There is a certain breed of companies that has continued to perform extremely well in our rapidly evolving economy (i.e. software-as-a-service businesses that operate on a subscription basis, with high revenue growth and large total addressable markets). We write about one such company (that focuses on “dev ops”) in this report that completed its initial public offering in September, and the share price has been steadily reverting lower after an initial share price pop to more than double the IPO price. In particular we write about an attractive high income-generating options trade that also gives us a chance to pick up shares of this compelling company at an even lower price. We believe this is an attractive trade to place today—and potentially into early next week—as long as the share price doesn’t move too dramatically before then.
JFrog (FROG)
The company we are referring to is JFrong (FROG). We completed a detailed report on this newly public “dev ops” company a coupe weeks ago explaining why we like the business, and now that the share price is pulling back, we like the shares (and this trade idea) even more.
JFrog Share Price:
As we wrote in our previous report (see link above):
JFrog has consistently delivered impressive top-line and bottom-line growth in recent quarters driven by strong customer acquisition along with consistent upselling. We continue to remain impressed by the robust business model and the company’s ability to expand its portfolio offerings through research & development. While the shares currently trade at a premium, the premium has shrunk considerably in recent weeks (as the shares have reverted back towards their IPO price) and the company’s large and increasing total addressable market provides a long runway for growth.
The Trade:
Sell Put Options on FROG with a strike price of $55 (~11.3% out of the money, it currently trades at ~$62.04), and an expiration date of February 19, 2021, and for a premium of at least $2.15 (or $215 because options contracts trade in lots of 100). This comes out to approximately 3.9% of extra income just over one month—which may not sound like a big return—but it is huge for such a short time frame (it’s approximately 40% of extra income on an annualized basis, calculated as ($2.15/$55) x (365/36days)). And this trade not only generates attractive upfront premium income for us now, but it gives us a chance at buying shares of this attractive long-term company at a dramatically lower price ($55—the strike price) if the market price falls below $55 and the shares get put to us before this option contract expires in about 5 weeks. And we get to keep the upfront premium income no matter what.

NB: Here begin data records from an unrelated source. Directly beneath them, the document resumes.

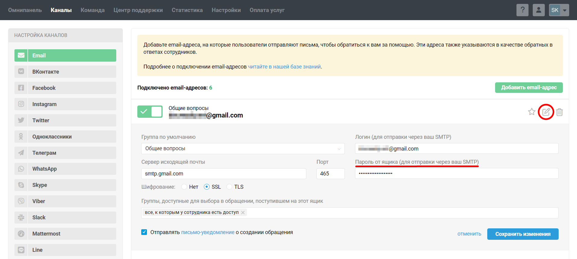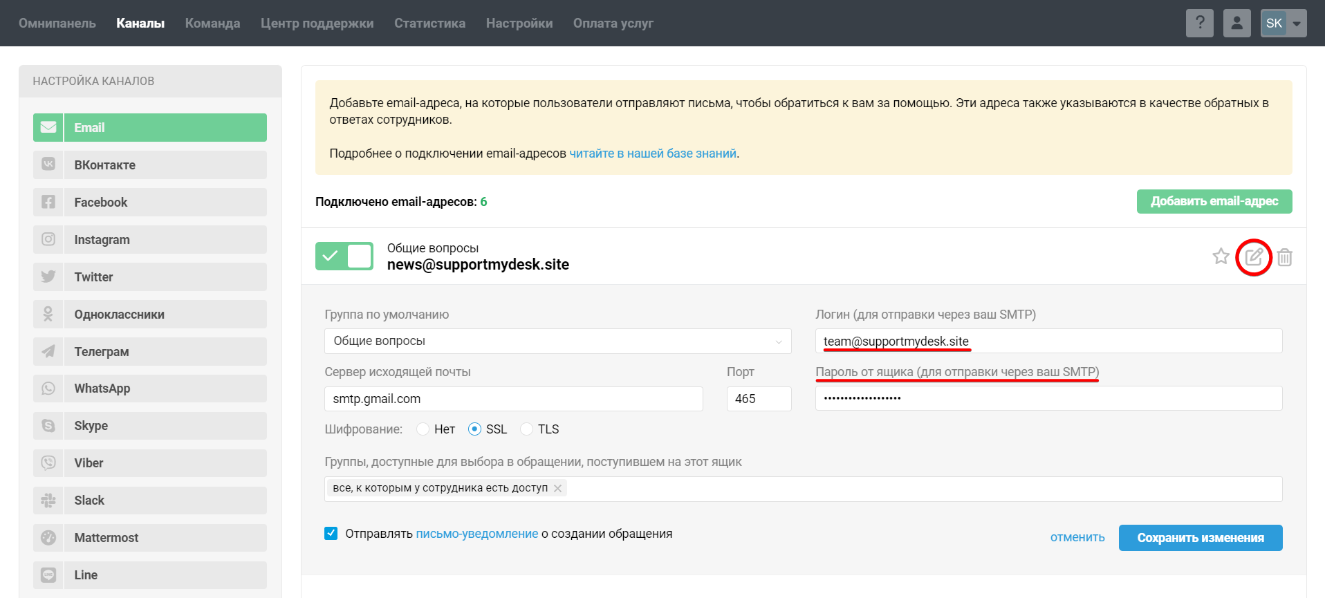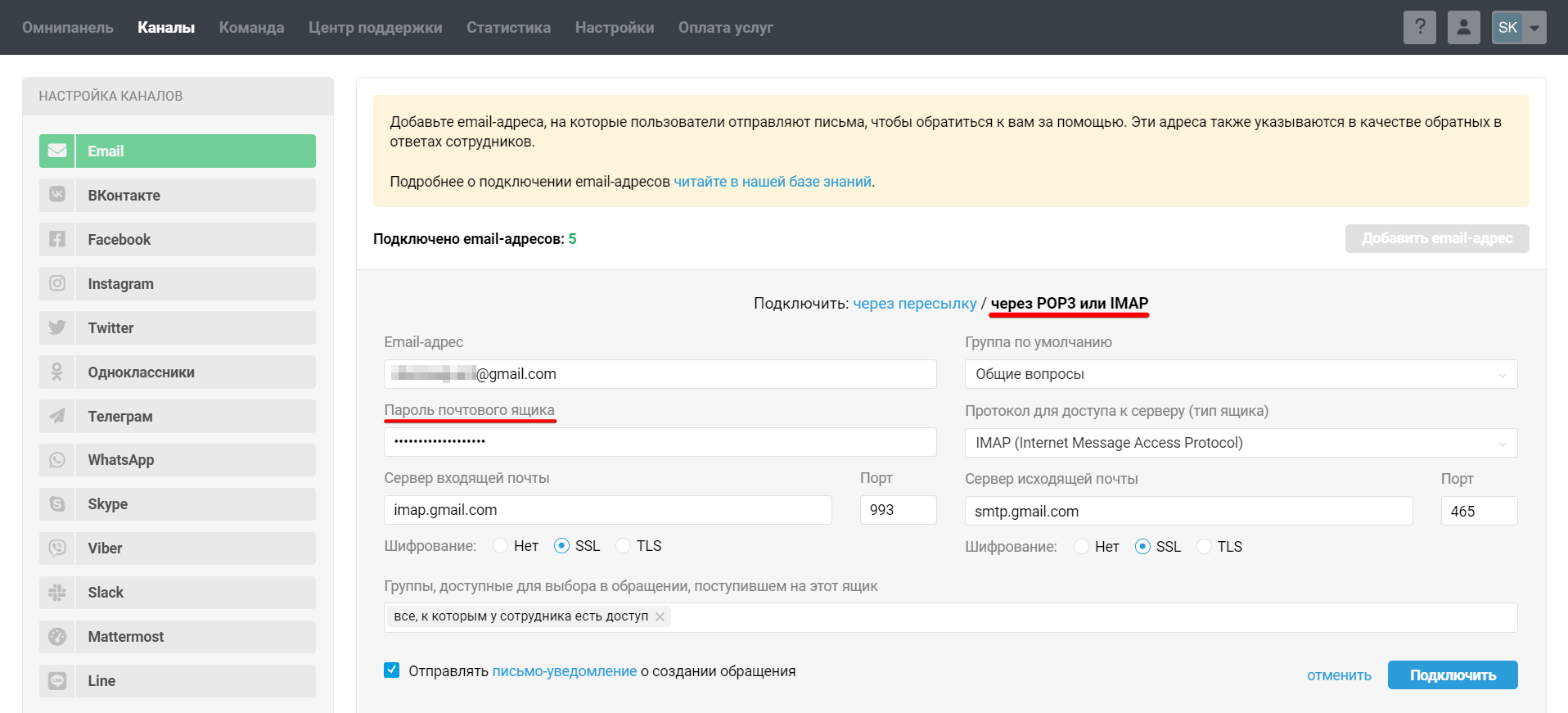 г. Вернитесь в аккаунт администратора, укажите в поле «Email-адрес» ваш ящик, выберите группу, в которую по умолчанию будут попадать поступающие на email обращения, и нажмите на кнопку «Подключить».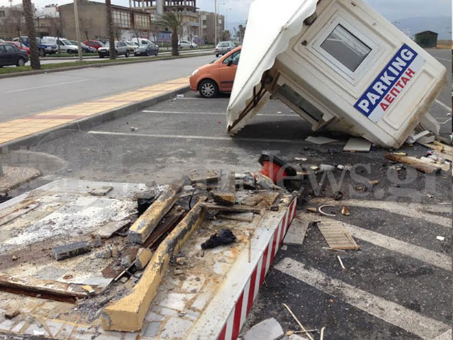 Βομβαρδισμένο τοπίο θύμιζε σήμερα το πρωί ο χώρος στάθμευσης στην παραλιακή λεωφόρο του Ηρακλείου, απέναντι από το εμπορικό κέντρο Τάλως.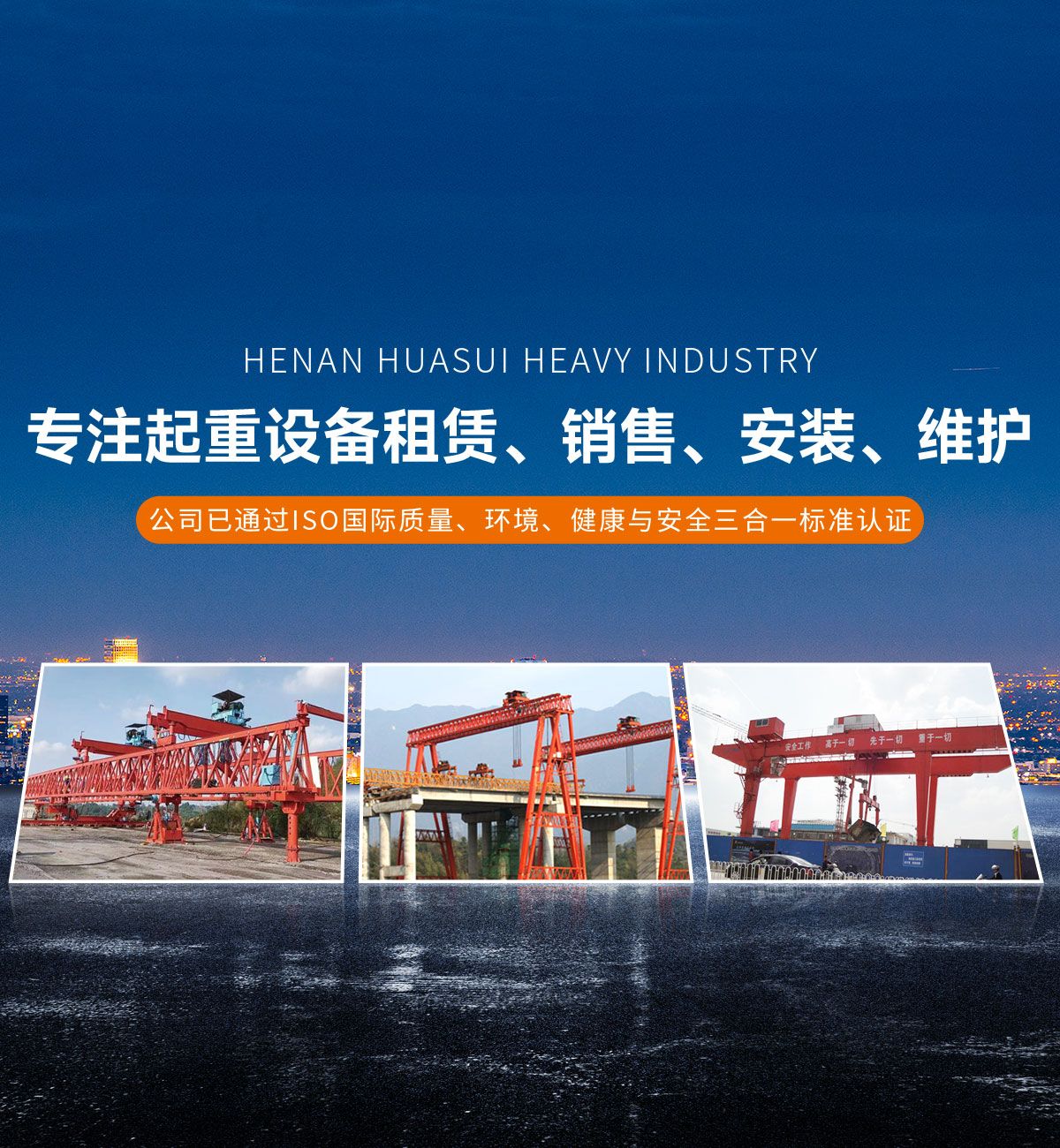 河南華隧重工機械裝備有限公司主要從事通用門式起重機、橋式起重機、電動單梁起重機,輪胎式起重機、架橋機、提梁機、遠梁平車、鋼絲繩電動萌蘆、卷揚機、起重配件制造、銷售:起重機械租賃、安裝和維修,起重設備園收,機械設備維修,鋼結構工程承包,橋梁工程及技術咨淘服務,銷售五金制品、機電設備:建設工程監理,建設工程設計,各類工程建設活動,建筑勞務分包,建筑物折除作業,施工作業,工程管理服務,土石方工程施工,裝如發運?! 」疽淹ㄟ^IS0國際質量、環境、健康與安全三合一標準認證,特種設備制造許可證和特種設備安裝改造維修許可證。擁有完熟的質量管理體系。嚴格的管理制度,強大的生產能力和先進的檢測手段,在保證產品質量的同時,也具備了極強的市場競爭力?! 」緢猿挚萍紕撔聻槔砟?,產品質量為核心,注重信譽,建立了減信可靠、快捷、思速。便利周到的售后服務網絡?! ∥覀儞碛械募夹g專家和技術服務隊伍為客戶提供充善的售前技術支持和全天候的售后服務體系,讓您無后顧之憂,享受一站式的超值服務。  “華隧重工,伴您成功“是華隧重工永遠的宗指,真被的希望與各界朋友攜手并進。共創輝準!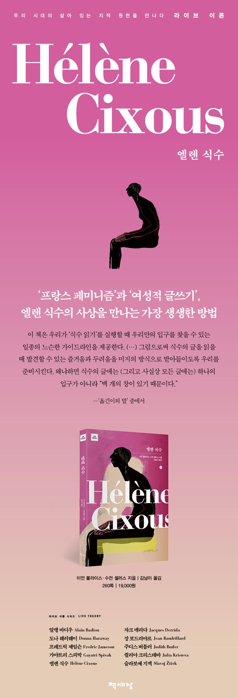 이에 도서출판 책세상은 블룸스베리(Bloomsbury) 출판사에서 펴낸 ‘라이브 이론(Live Theory)’ 시리즈를 번역 출간한다. 동시대 주요 이론가들의 삶과 지적 활동, 나아가 생생한 인터뷰를 적정한 분량에 담은 이 시리즈는 이들의 문제의식을 간파하고 이들의 사유가 그려온 궤적을 조망할 수 있게 해줄 것이다.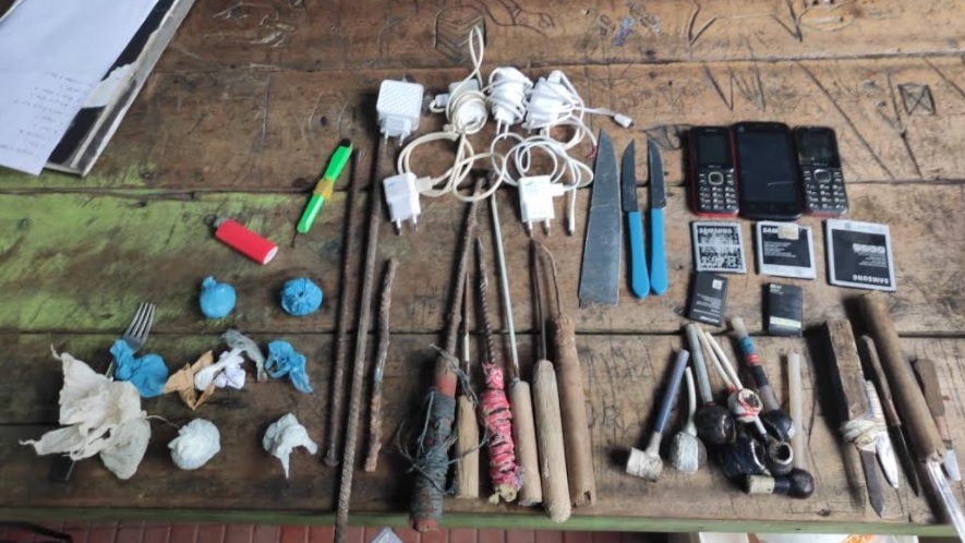 TEFÉ – AM | Prisão foi feita para o bandido pagar pelo que fez e quem sabe sair uma pessoa melhor. Só que não em Tefé, onde a polícia pegou nove cachimbos de fabricação artesanal para uso de drogas; seis carregadores de celular; três aparelhos celulares; três facas; cinco estoques (material perfurante); quatro barras de ferro de 30cm; cinco baterias de celular; 32,5 gramas de substância com aspecto de maconha do tipo skunk; um estilete e cinco simulacros de faca.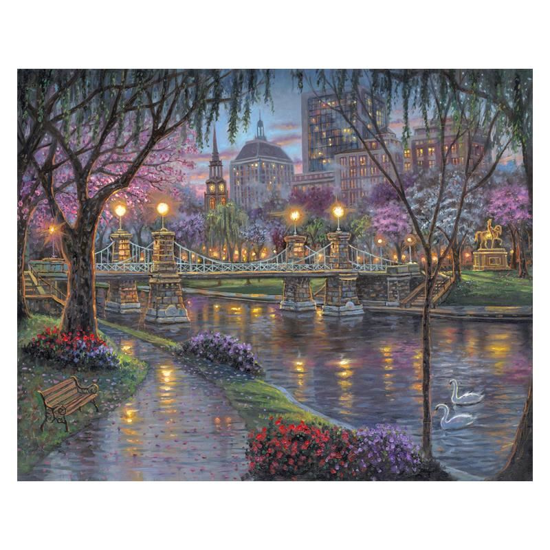 "Boston Lagoon Bridge" is an artist embellished limited edition giclee on stretched canvas by Robert Finale. The piece is hand signed, numbered SN 1/15, and comes with a certificate of authenticity. Measures approximately 18" x 24".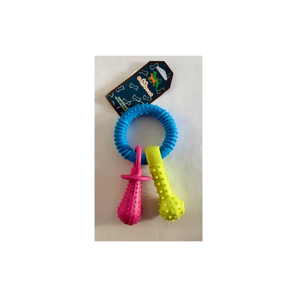 Gumová hračka pro psa ve tvaru chtastítka s rolničkou v dudlíku o velikosti cca 10cm.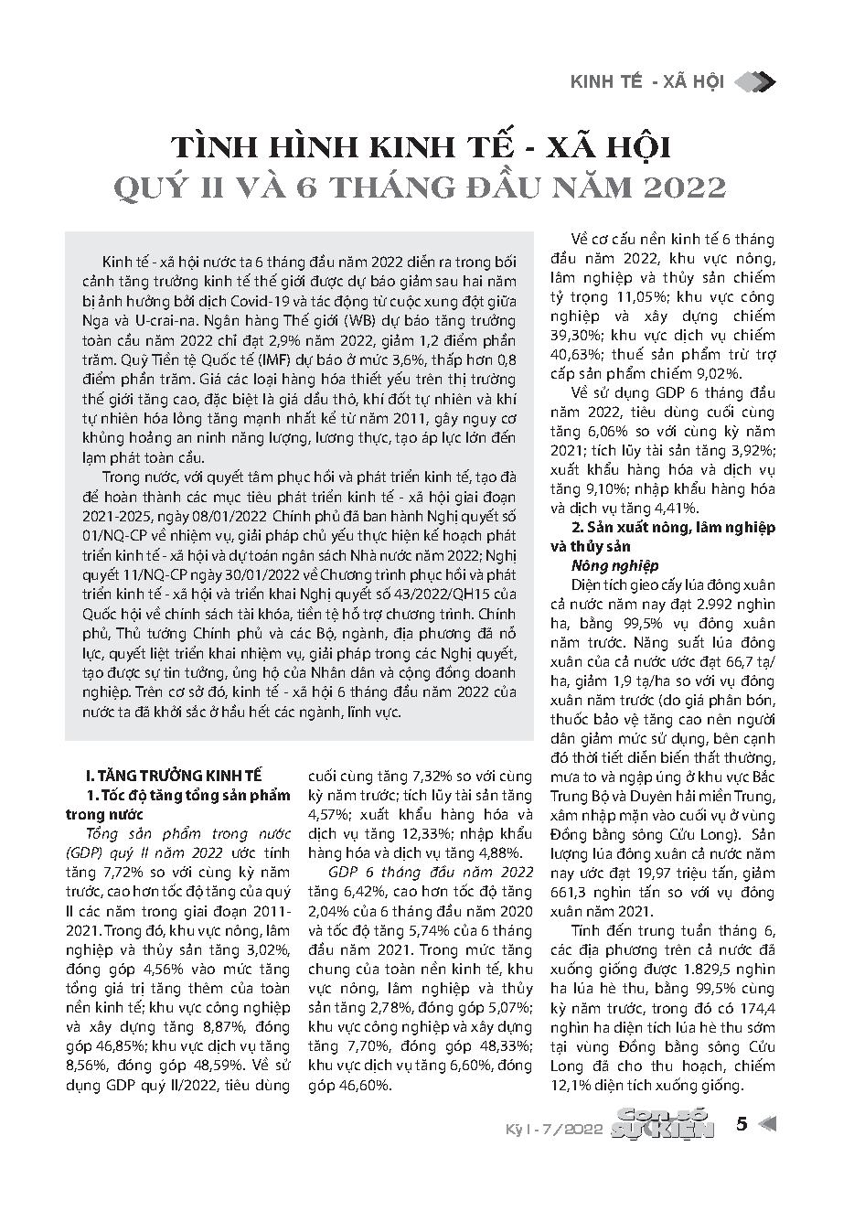 Tình hình kinh tế - xã hội quý II và 6 tháng đầu năm 2022 = Socio-economic situation in the second quarter and first six months of 2022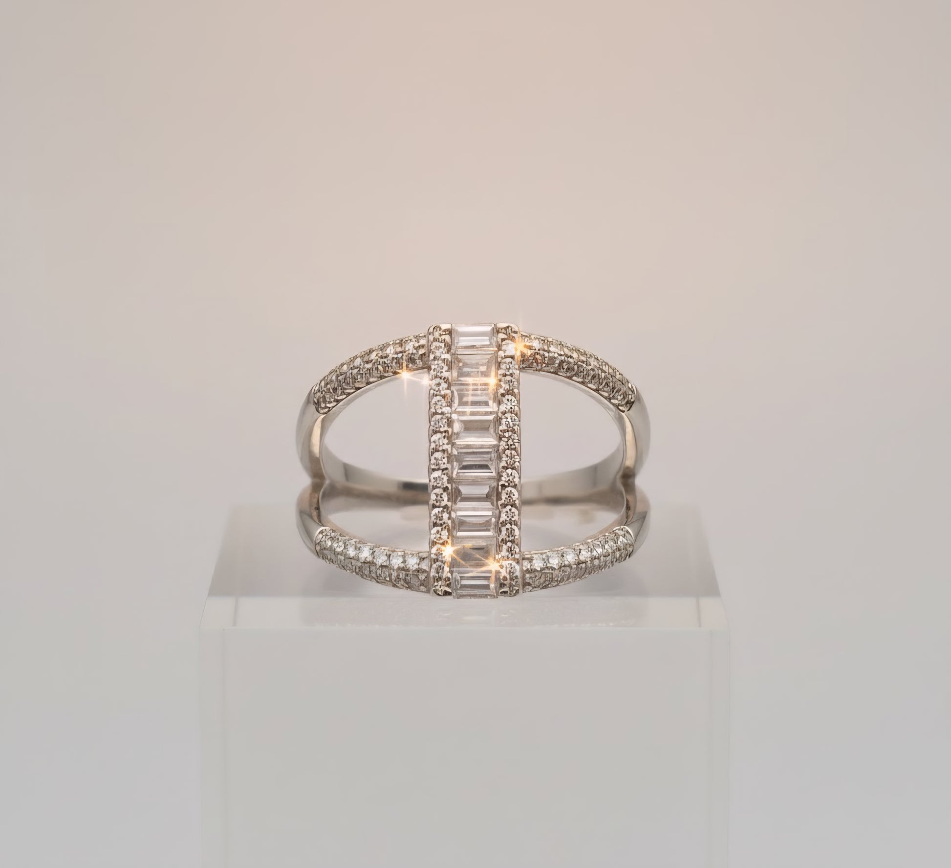Where modern architecture meets high-end sparkle.This breathtaking 925 sterling silver ring is a true statement of luxury. Designed with a bold double-band silhouette, it features a center column of radiant baguette-cut stones framed by pavé brilliance—creating a clean, elegant, modern sparkle that catches light from every angle.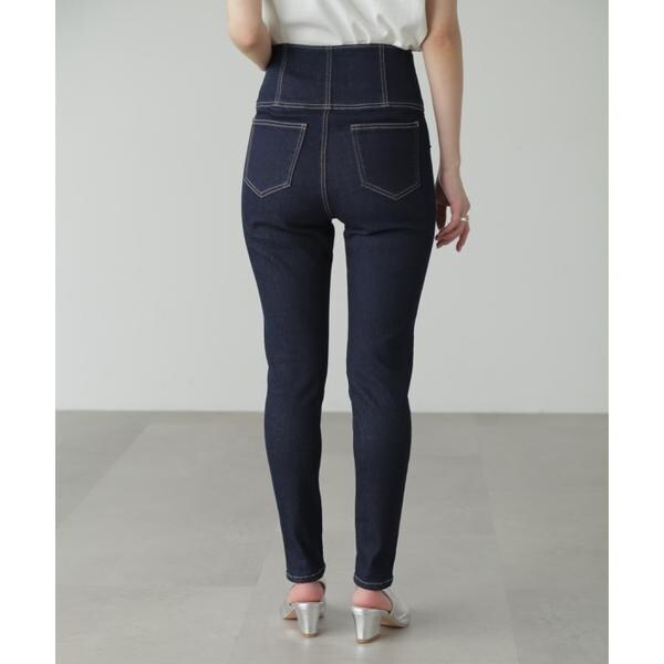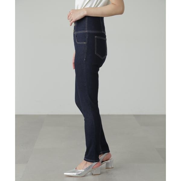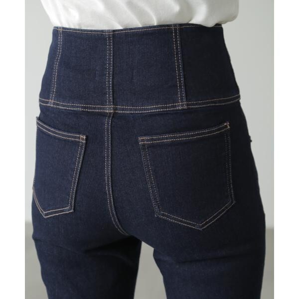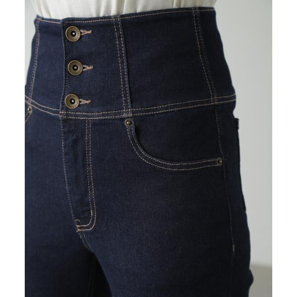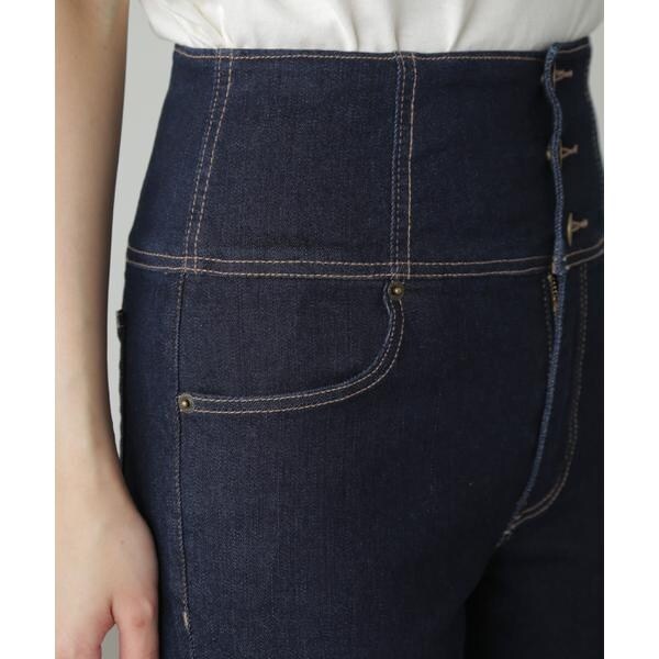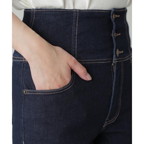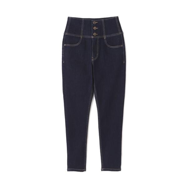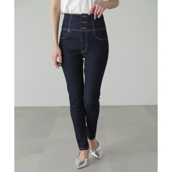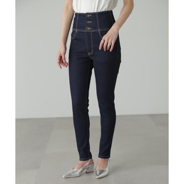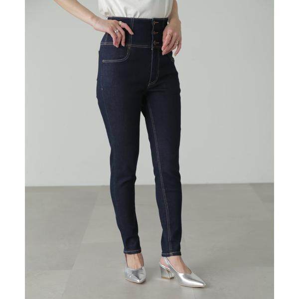 ハイウエストボタンフライスキニーデニムパンツ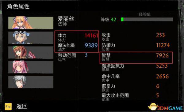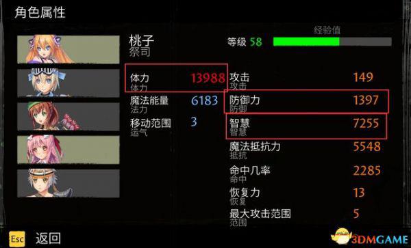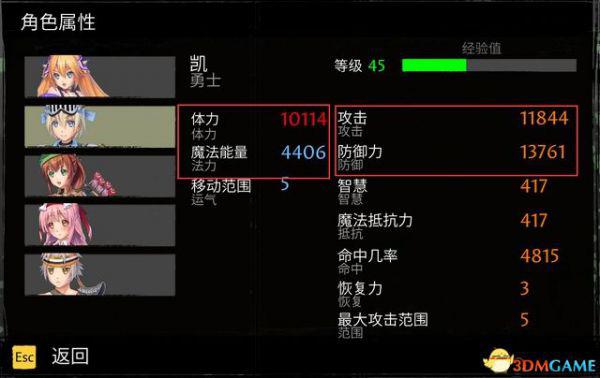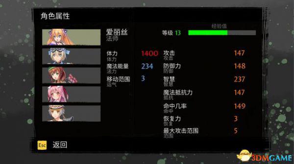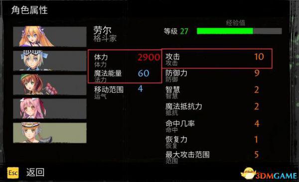角色装备和等级都会影响其属性值。

Important to note, your broker will require you to keep $5,500 of cash in your account ($55 strike x 100 shares) to secure the trade (assuming you don’t want to use margin).
Also important to note, you can adjust the strike price of this trade (for example to $50) depending on how badly (and at what price) you want the shares put to you, and to generate a different amount upfront income as shown in the table above).
Your Opportunity:
We believe this is an attractive trade to place today, and potentially into early next week, as long as the price of FROG doesn't move too dramatically before then and you’re able to generate enough premium income to your liking.
Our Thesis:
Our overall thesis is simply that this is an attractive business, but it has been volatile and a bit expensive. We’d love to pick shares at a lower price (i.e. our strike price), but if the shares don’t get put to us then we’re happy to simply keep the high upfront premium income this trade puts in our pocket. And in addition to the detailed report about FROG we have provided, here is a look at the average FROG price target (dotted line) according to the 10 Wall Street analysts covering it and reporting to Factset (i.e. they believe the shares have significant near-term upside).
Important Trade Considerations:
Two important considerations when selling put options are ex-dividend dates and earnings announcements because they can both impact your trade. In JFrog’s case only earnings is a concern (because it doesn’t pay a dividend). Regarding earnings, JFrog is expected to “announce” sometime around February 4th (before our options contract expires), and this adds uncertainty and potential volatility to our trade. However, the upfront premium income on this trade is so high, that we feel adequately compensated for the volatility risk.
Conclusion:
JFrog is an attractive business, but like many recent IPO’s the share price has been volatile. It’s often wise to wait before buying new IPOs because share prices often revert much lower after an initial “IPO pop” as has been the case for JFrog. We really do like the business as a long-term investment, and some readers may consider simply purchasing a few shares outright. However, the trade described in this report puts a high amount of upfront income in your pocket right away (that you get to keep no matter what) and it also gives you a chance to pick up shares of this attractive business at a lower price if they fall below the strike price and get put to you before the options contract expires.